* Exercise objective
Return only the lines from the start of the records through the line that contains "3.0, VB 2008に含まれている。", inclusive; leave out all pictures.

(Stored entries)
+--
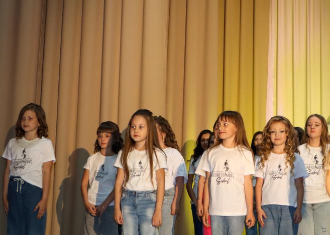 Творчий звіт вихованок модельної школи м.Кіцмань “Business Model School” став яскравою подією, що відбулася в нашому місті у неділю, 4 червня. Не позбавляти дітей дитинства, дарувати їм незабутні емоції та враження — це було в пріоритеті модельної школи впродовж непростого навчального року. Та незважаючи на всі перешкоди, 32 дівчаток успішно завершили курс «Я модель» і разом з випускниками попередніх років виступили на сцені з неймовірними художніми постановками дефіле в різних нарядах: національному і патріотичному вбранні, джинсовому стилі, красивих вишуканих сукнях.
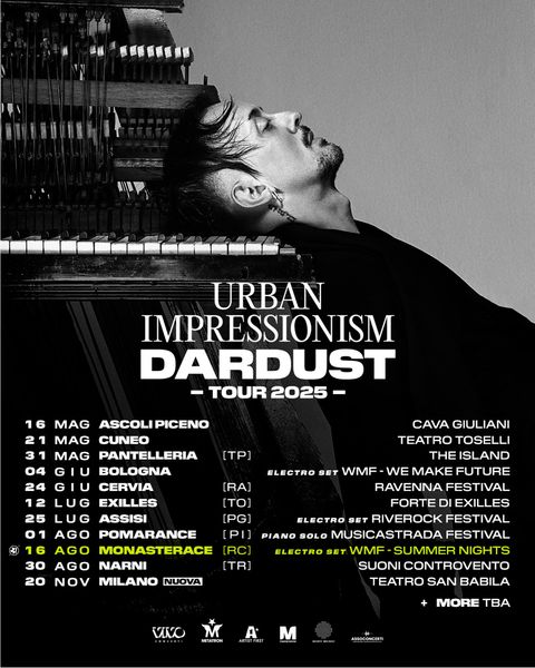 Il 16 agosto 2025, Dardust arriva a Monasterace (RC) con il suo tour europeo "Urban Impressionism". Il pianista italiano, uno dei più influenti della sua generazione, si esibirà in concerto con un electro set innovativo che fonde musica, architettura e arti visive. Un’occasione imperdibile per vivere una performance dal vivo unica, nel cuore della Calabria.
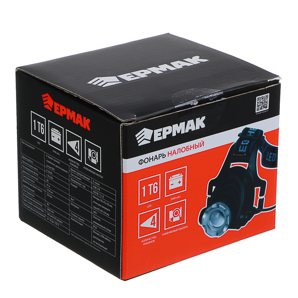 ЕРМАК Фонарь налобный, 1 T6 LED, с фокусировкой, 2*1200мАч, 4 режима, пластик, 70х75х50 мм
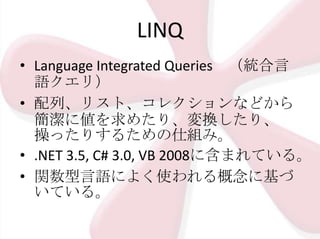 • .NET 3.5, C# 3.0, VB 2008に含まれている。
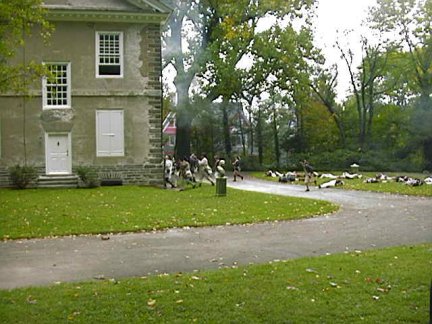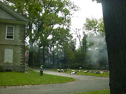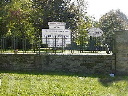Advancing American Soldiers on the Germantown Road encountered a British outpost in nearby Mt.Airy. A burst of artillery fire from the alarm cannons alerted British Colonel Thomas Musgrave and the 40th Regiment, who were camped in the fields around Cliveden (the ten year old summer home of Justice Benjamin Chew). The 40th Regiment having been forewarned had time to barricade themselves inside the stone walls of Cliveden, from where they could fire on the advancing American troops.
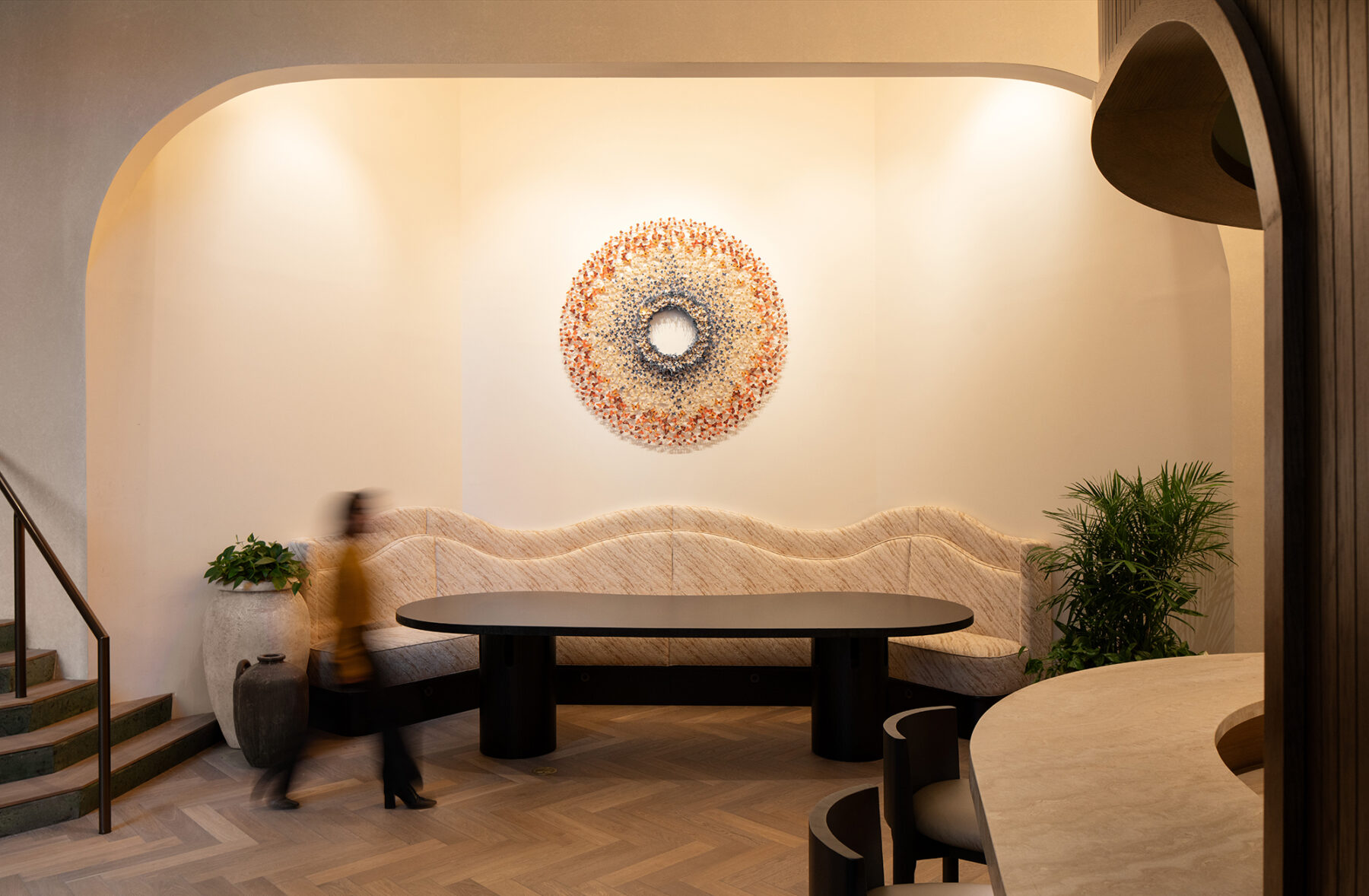 Interiors approach is characterized by unconventional geometries and bold material combinations.
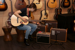 BluetoothスピーカーにもなるWi-Fi内蔵ギターアンプ「MUSTANG GT」シリーズ(関連ニュース)をはじめとするギターアンプや、DJやライブ、商業施設など幅広いシーンで活用できるパワードスピーカー製品も展示。アコースティックギターは近年プレイする人口も増え、フェンダーも力を入れているとのことで、新モデルの他にアコギ専用アンプなども並んでいた。
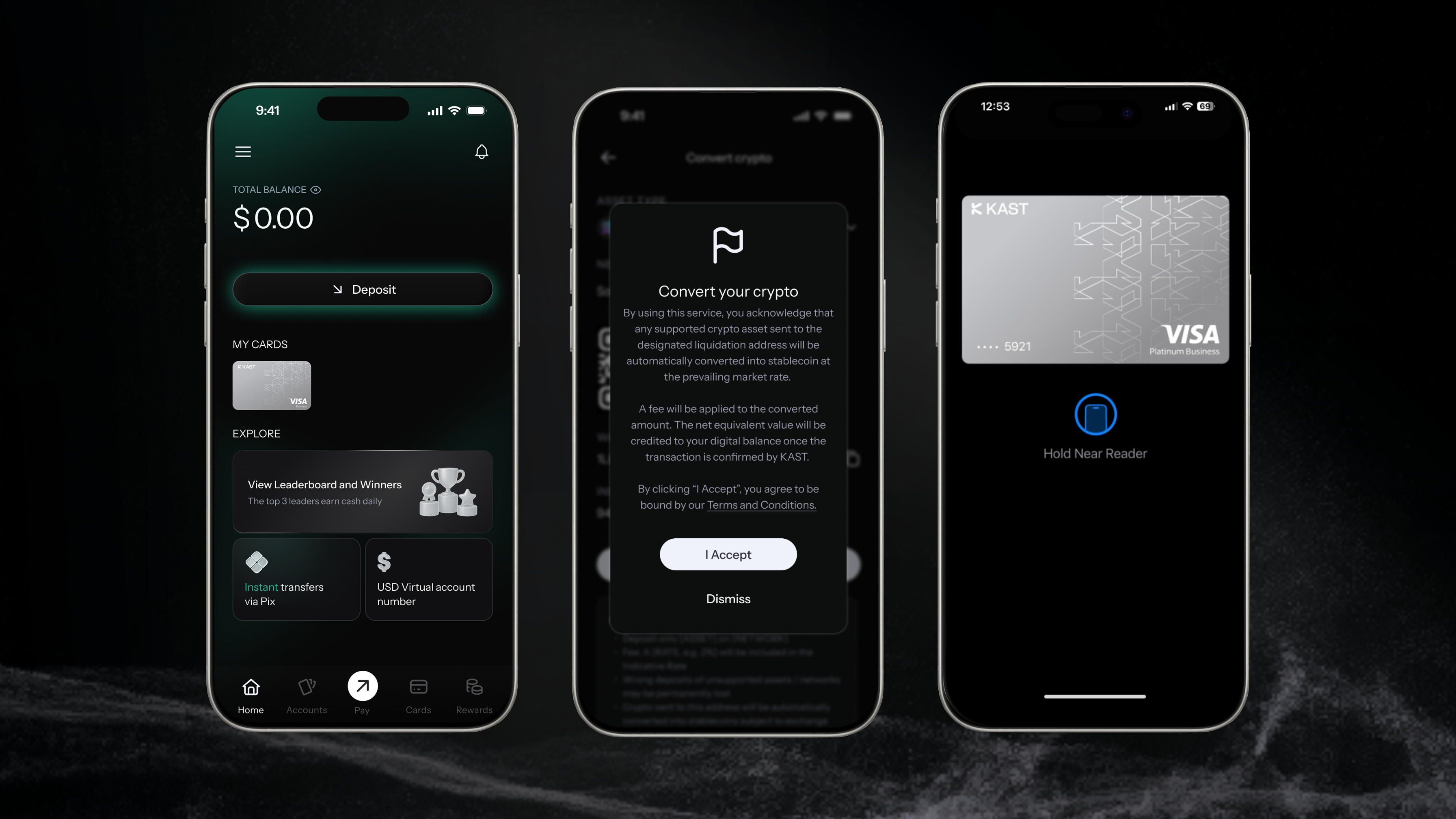 You can now use your crypto to pay for everyday needs in Brazil - from your morning coffee to a night out. With KAST, you send your crypto, it automatically converts to stablecoins, and you can spend instantly anywhere using your KAST Card, Mobile Wallets, or the latest PIX integration.
+--
* Exercise solution
 Творчий звіт вихованок модельної школи м.Кіцмань “Business Model School” став яскравою подією, що відбулася в нашому місті у неділю, 4 червня. Не позбавляти дітей дитинства, дарувати їм незабутні емоції та враження — це було в пріоритеті модельної школи впродовж непростого навчального року. Та незважаючи на всі перешкоди, 32 дівчаток успішно завершили курс «Я модель» і разом з випускниками попередніх років виступили на сцені з неймовірними художніми постановками дефіле в різних нарядах: національному і патріотичному вбранні, джинсовому стилі, красивих вишуканих сукнях.
 Il 16 agosto 2025, Dardust arriva a Monasterace (RC) con il suo tour europeo "Urban Impressionism". Il pianista italiano, uno dei più influenti della sua generazione, si esibirà in concerto con un electro set innovativo che fonde musica, architettura e arti visive. Un’occasione imperdibile per vivere una performance dal vivo unica, nel cuore della Calabria.
 ЕРМАК Фонарь налобный, 1 T6 LED, с фокусировкой, 2*1200мАч, 4 режима, пластик, 70х75х50 мм
 • .NET 3.5, C# 3.0, VB 2008に含まれている。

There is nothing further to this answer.